* _Work request_
Exact copies of all the lines below are needed, without the pictures.

* _Data below_
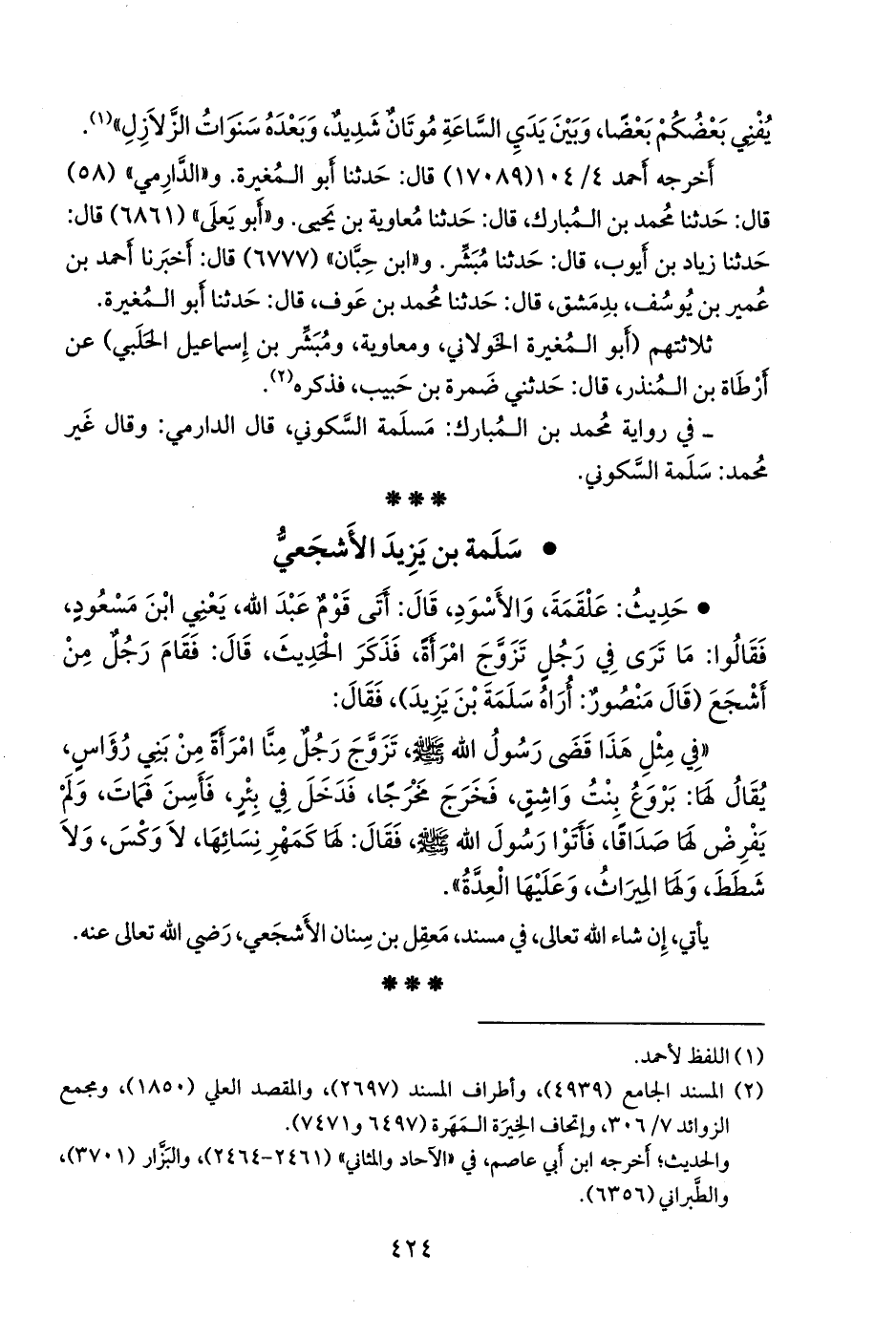- حديث: علقمة، والأسود، قال: أتى قوم عبد الله، يعني ابن مسعود، فقالوا: ما ترى في رجل تزوج امرأة، فذكر الحديث، قال: فقام رجل من أشجع (قال منصور: أراه سلمة بن يزيد)، فقال:
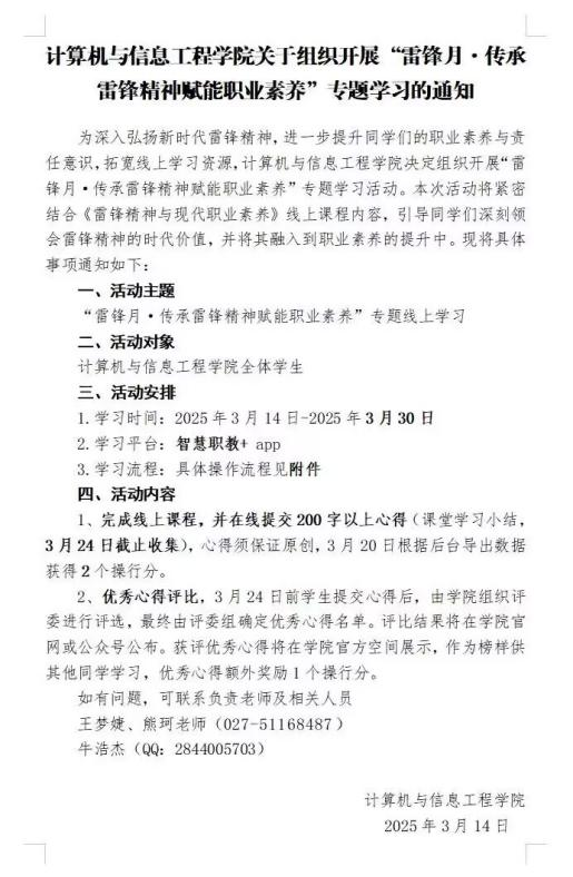 学院以“雷锋精神与现代化职业素养”为主题,组织了系列学习活动,将雷锋精神与职业素养教育相结合,引导同学们学思用并举、知行信统一。
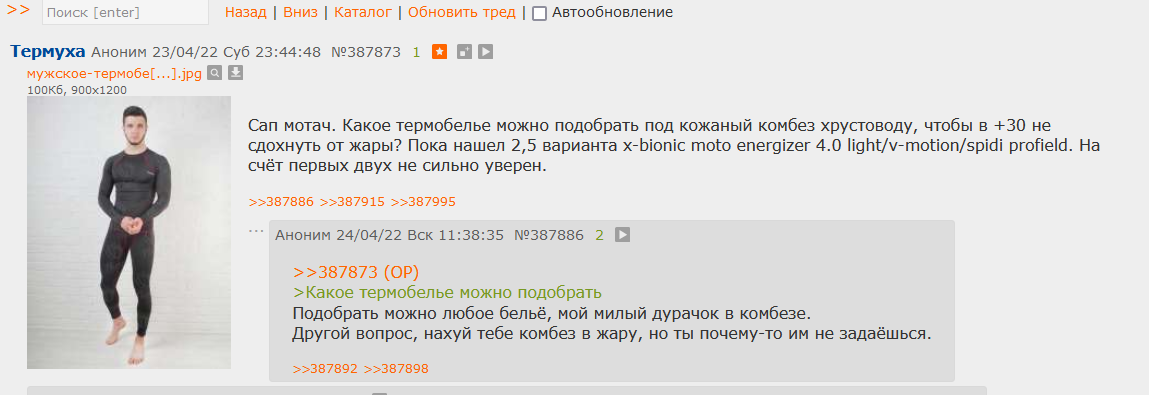 >>387940 >Тебе нужны аргументы, что в разных условиях есть разные угрозы, от которых надо защищаться разным методами Есть 3 вида угроз на мотоцикле, удар под прямым углом, удар по касательной и так называемая скользячка. От какого урона кожаный комбез с эирбегом (мы ведь не луддиты, правда, любитель блоггеров?) Защищает хуже, чем хоккейная маечка или текстильный куртец? >Или ты не понимаешь принципа функционирования термобелья? Я понимаю принцип фунциклирования маркетинга. Когда дурачкам впаривают дичь, а они потом опавдывясь перед собой за потраченные шекели будут усираться только без аргументов, дурачки же с пеной у рта и называть всех вокруг шизиками. Вон тебе соседний тред высокий достижений. Мальчишка на ямахе приезжает первый в своём перфорированном от плеч и до коленей комбезе, открывает куртец - а там армяне в нарды играют даже майки нет. Там маркетологи не могут в уши ссать, как тупому двачеру, пичальбида. >в эпоху Так, шизом назвал, блоггеров приписал, рядники чек. Почти бинго, дурачок, продолжай.

* _Expected answer_
- حديث: علقمة، والأسود، قال: أتى قوم عبد الله، يعني ابن مسعود، فقالوا: ما ترى في رجل تزوج امرأة، فذكر الحديث، قال: فقام رجل من أشجع (قال منصور: أراه سلمة بن يزيد)، فقال:
 学院以“雷锋精神与现代化职业素养”为主题,组织了系列学习活动,将雷锋精神与职业素养教育相结合,引导同学们学思用并举、知行信统一。
 >>387940 >Тебе нужны аргументы, что в разных условиях есть разные угрозы, от которых надо защищаться разным методами Есть 3 вида угроз на мотоцикле, удар под прямым углом, удар по касательной и так называемая скользячка. От какого урона кожаный комбез с эирбегом (мы ведь не луддиты, правда, любитель блоггеров?) Защищает хуже, чем хоккейная маечка или текстильный куртец? >Или ты не понимаешь принципа функционирования термобелья? Я понимаю принцип фунциклирования маркетинга. Когда дурачкам впаривают дичь, а они потом опавдывясь перед собой за потраченные шекели будут усираться только без аргументов, дурачки же с пеной у рта и называть всех вокруг шизиками. Вон тебе соседний тред высокий достижений. Мальчишка на ямахе приезжает первый в своём перфорированном от плеч и до коленей комбезе, открывает куртец - а там армяне в нарды играют даже майки нет. Там маркетологи не могут в уши ссать, как тупому двачеру, пичальбида. >в эпоху Так, шизом назвал, блоггеров приписал, рядники чек. Почти бинго, дурачок, продолжай.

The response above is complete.